Las brochetas de pollo marinadas a las hierbas son una opción fantástica para disfrutar de una carne magra de forma jugosa, sabrosa y nada aburrida.
El secreto de esta receta está en el marinado previo con aceite de oliva virgen extra, limón y especias mediterráneas, lo que consigue que la pechuga de pollo quede tierna y llena de aroma por dentro y bien dorada por fuera.
Ingredientes (para 2 personas)
Pechuga de pollo entera: 400 g (cortada en dados de tamaño uniforme).
Pimiento rojo y verde: 1/2 unidad de cada uno (cortados en trozos cuadrados).
Cebolla morada: 1/2 unidad (cortada en gajos gruesos).
Tomates cherry: 8 unidades.
Para el marinado mediterráneo:
Aceite de oliva virgen extra (AOVE): 3 cucharadas soperas.
Zumo de limón: 2 cucharadas.
Diente de ajo: 1 unidad picado muy fino o machacado.
Hierbas provenzales (orégano, tomillo, romero): 1 cucharadita generosa.

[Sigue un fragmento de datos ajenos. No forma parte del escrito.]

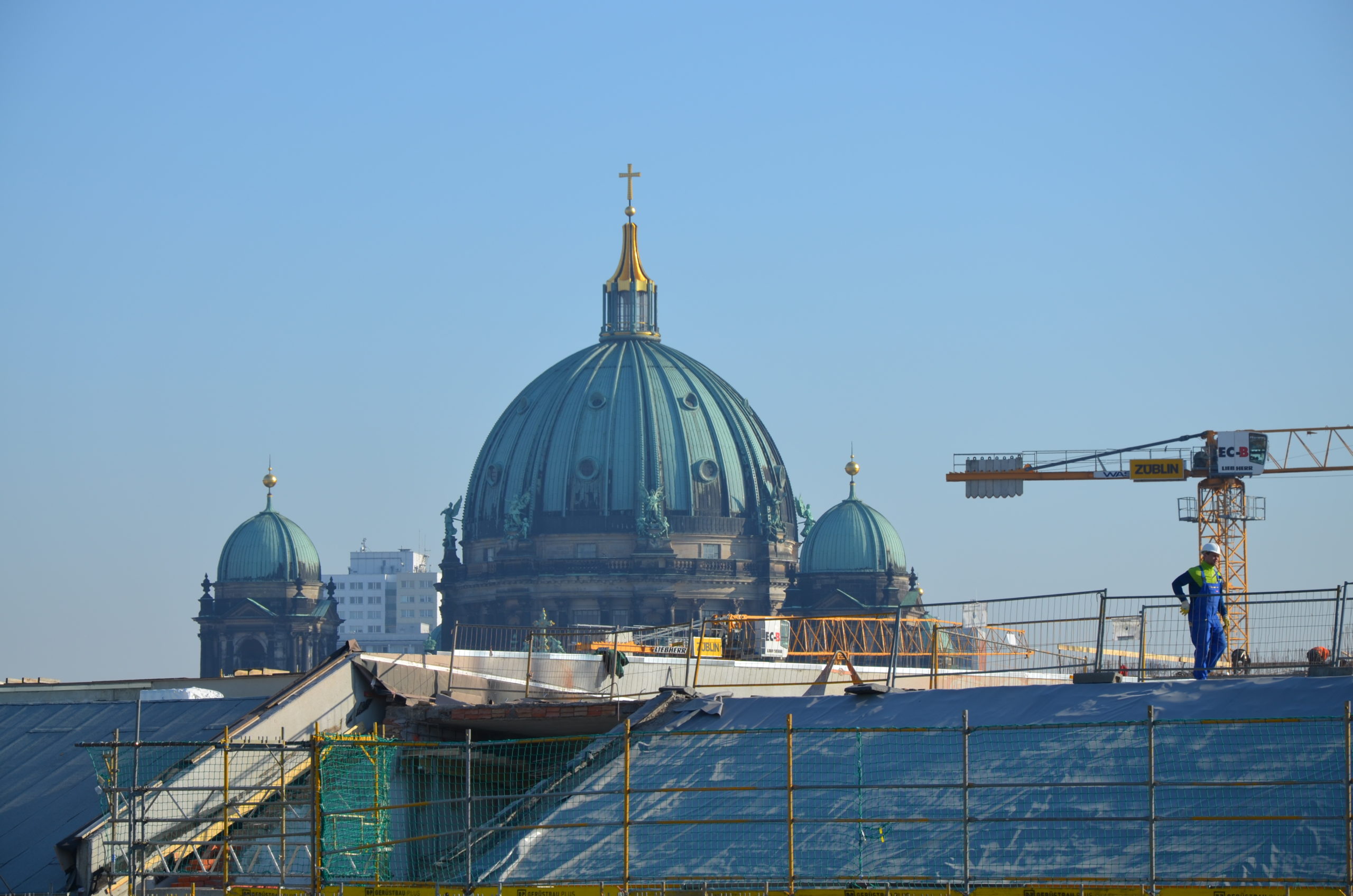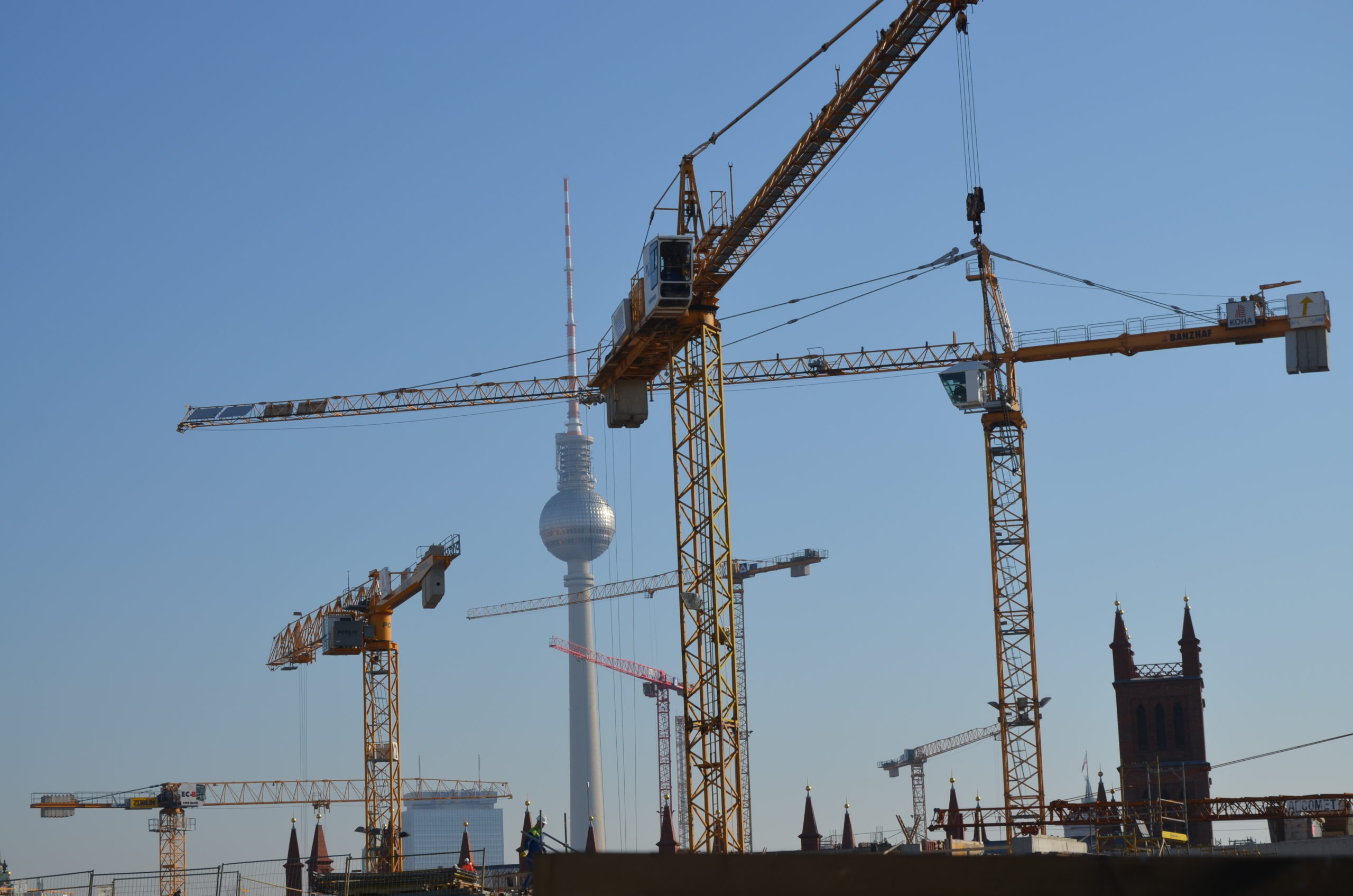 Der Fernsehturm, das Wahrzeichen Berlins, kaum wahrzunehmen zwischen all den Kränen.

Sal y pimienta negra: Al gusto.
Brochetas de madera o metal: 4 unidades.
Paso a Paso: Cómo prepararlas
Preparar el marinado: En un bol grande, mezcla el aceite de oliva virgen extra, el zumo de limón, el ajo picado, las hierbas provenzales, la sal y la pimienta negra.
Marinar el pollo: Añade los dados de pechuga de pollo al bol y remueve bien para que la carne se impregne por completo. Tapa con papel film y deja reposar en la nevera durante al menos 20-30 minutos (si son 2 horas, ¡mucho mejor!).
Montar las brochetas: En los palillos de brocheta, ve alternando un dado de pollo, un trozo de pimiento, un trozo de cebolla y un tomate cherry hasta completar cada brocheta.
Cocinarlas: Calienta una plancha o sartén antiadherente a fuego medio-alto con un chorrito fino de aceite. Cocina las brochetas durante 10-12 minutos, dándoles la vuelta cada 2 o 3 minutos para que se doren por todos los lados de forma uniforme y la carne se cocine bien por dentro.
Servir: Acompaña con una ensalada fresca o un poco de arroz integral.
Beneficios de esta receta para tu salud
Proteína magra de alta calidad: La pechuga de pollo aporta proteínas limpias para mantener la masa muscular sin sumar grasas saturadas.
Antioxidantes y sabor natural: Las hierbas aromáticas aportan compuestos protectores y permiten reducir la cantidad de sal en los platos.
Cina o almuerzo ligero: Un plato equilibrado, fácil de digerir y perfecto para dietas saludables.